Based upon the foregoing, and subject to the additional qualifications set forth below, we are of the opinion that:
| 1. | the Units have been duly authorized by the Company and, when issued and sold by the Company and delivered by the Company against receipt of the purchase price therefor, in the manner contemplated by the Registration Statement, will be valid and legally binding obligations of the Company, |
| 2. | the Unit Shares have been duly authorized by the Company and, when issued and sold by the Company and delivered by the Company against receipt of the purchase price therefor, in the manner contemplated by the Registration Statement, will be validly issued, fully paid and non-assessable, |
G3 VRM Acquisition Corp.
June 21, 2021
Page 3
| 3. | the Rights have been duly authorized by the Company and, provided that the Rights have been duly executed and delivered by the Company and duly delivered to the purchasers thereof against payment therefor, then the Rights, when issued and sold in the manner contemplated by the Registration Statement, will be valid and legally binding obligations of the Company, |
| 4. | the Rights Shares underlying the Rights have been duly authorized and, when issued and delivered by the Company in accordance with the terms therein and the terms of the Rights Agreement, will be validly issued, fully paid and non-assessable, and |
| 5. | the Representative’s Shares have been duly authorized by the Company and, when issued and sold by the Company and delivered by the Company against receipt of the purchase price therefor, in the manner contemplated by the Underwriting Agreement, will be validly issued, fully paid and non-assessable. |
The opinions rendered in paragraphs 1 and 3 above are subject to (i) bankruptcy, insolvency, moratorium, fraudulent conveyance, fraudulent transfer and other similar laws affecting the rights and remedies of creditors generally, and (ii) constitutional and public policy limitations and general principles of equity (regardless of whether enforcement may be sought in a proceeding in equity or at law). In addition, we express no opinion as to: the right to collect any payment to the extent that such payment constitutes a penalty, premium, forfeiture or late payment charge; the enforceability of the governing law and forum selection provisions contained in any of the Transaction Documents; waivers of right to trial by jury, or any purported right of indemnification or exculpation with respect to illegal acts, intentional torts, violation of securities laws, negligence or willful misconduct.

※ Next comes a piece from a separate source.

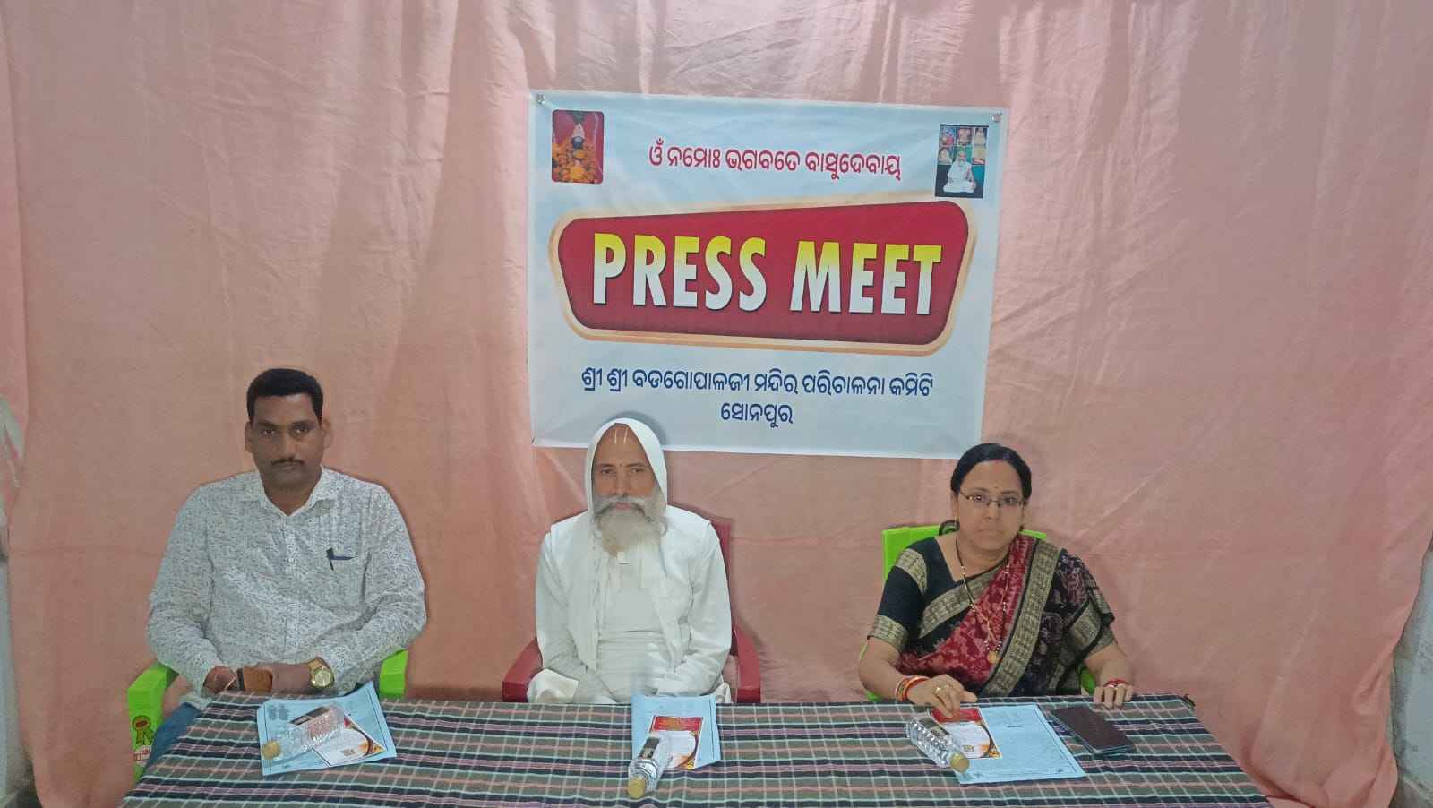 ସୋନପୁର ଶ୍ରୀ ଗୋପାଳ ଜୀ ମନ୍ଦିର ଠାରେ ମନ୍ଦିର କମିଟି ର ମୁଖ୍ୟ ତଥା ପୁରୀ ମହନ୍ତ ଶ୍ରୀ ବଂଶୀ ଧର ଦାସ ମହାରାଜ ଙ୍କ ଅଧ୍ୟକ୍ଷତା ରେ ଏକ ସାମ୍ବାଦିକ ସମ୍ମିଳନୀ ଅନୁଷ୍ଟିତ ହୋଇଥିଲା l ଏଥିରେ ସୋନପୁର ଉପ ଜିଲ୍ଲାପାଳ ଡ଼ ସୌମ୍ୟ ରୂପା ରଥ ଓ କମିଟି ସଦସ୍ୟ ଦୀପକ ମହାପାତ୍ର ମଞ୍ଚା ସିନ ଥିଲେ l ଏହା ଏକ ଦୀର୍ଘ ବର୍ଷ ର ତପସ୍ୟା ଥିଲା l ଜିଲ୍ଲା ପ୍ରଶାସନ ର ପ୍ରଶାସକ ଓ ବିଚାରପତି ମାନଙ୍କ ର ହ୍ରୁଦୟ ରେ ବସିଲେ ଶ୍ରୀ ଗୋପାଳ ଜୀ ତେଣୁ ଏ ତପସ୍ୟା ର ଆଜି ସୁଫଳ ମିଳିଛି l ପ୍ରଭୁ ହେଉଛନ୍ତି ସୋନପୁର ର ଜୀବନ ପ୍ରାଣ l ଆସନ୍ତା କାଲି ୨୫ ତାରିଖ ଅପରାହ୍ନ ୧ ଟା ୪୦ ରେ ଶ୍ରୀ ଗୋପାଳ ଜୀ ମହାପ୍ରଭୁ ଜିଲ୍ଲା କୋଷlଗର ରୁ ଭକ୍ତ ଶ୍ରଦ୍ଧାଳୁ ଙ୍କ ଗହଣରେ ଏକ ଭବ୍ୟ ବିଶାଳ ଶୋଭଯାତ୍ରାରେ ଏହି ଐତିହାସିକ ପୀଠ କୁ ପହଞ୍ଚିବେ ବୋଲି ସାମ୍ୱାଦିକ ଙ୍କୁ ସୂଚନା ଦେଇଛନ୍ତି ମହନ୍ତ ମହାରାଜ l ପୋଲିସ ପକ୍ଷରୁ ସୁରକ୍ଷା ବ୍ୟବସ୍ଥା କଡାକଡି କରାଯାଇଛି ବୋଲି ଉପ ଜିଲ୍ଲାପାଳ ଡ଼ ରଥ ପ୍ରକାଶ କରିଥିଲେ l ଦୀର୍ଘ ୪୨ ବର୍ଷ ପରେ ମନ୍ଦିର ପ୍ରତ୍ୟାବର୍ତ୍ତନ ହେବେ ଓ ଭବ୍ୟ ସମାରୋହ ରେ ପୁନଃ ପ୍ରତିଷ୍ଠା ଉତ୍ସବ ଲାଗି ମନ୍ଦିର ରେ ବିଜେ ହେବେ ଶ୍ରୀଶ୍ରୀ ବଡ ଗୋପାଳଜୀ ମହାପ୍ରଭୁ l

The opinions expressed herein are limited exclusively to the applicable provisions of Delaware corporate law as currently in effect, and we are expressing no opinion as to the effect of the laws of any other jurisdiction.
This opinion letter has been prepared in accordance with the customary practice of lawyers who regularly give, and lawyers who regularly advise opinion recipients concerning, opinions of the type contained herein.
This opinion letter deals only with the specified legal issues expressly addressed herein, and you should not infer any opinion that is not explicitly addressed herein from any matter stated in this letter.
G3 VRM Acquisition Corp.
June 21, 2021
Page 4
We hereby consent to the filing of this opinion as an exhibit to the Registration Statement and the reference to this firm under the caption “Legal Matters” in the prospectus contained in the Registration Statement. In giving such consent, we do not hereby admit that we are within the category of persons whose consent is required under Section 7 of the Securities Act and the rules and regulations thereunder. This opinion is rendered to you as of the date hereof and we assume no obligation to advise you or any other person hereafter with regard to any change after the date hereof in the circumstances or the law that may bear on the matters set forth herein even though the change may affect the legal analysis or legal conclusion or other matters in this letter.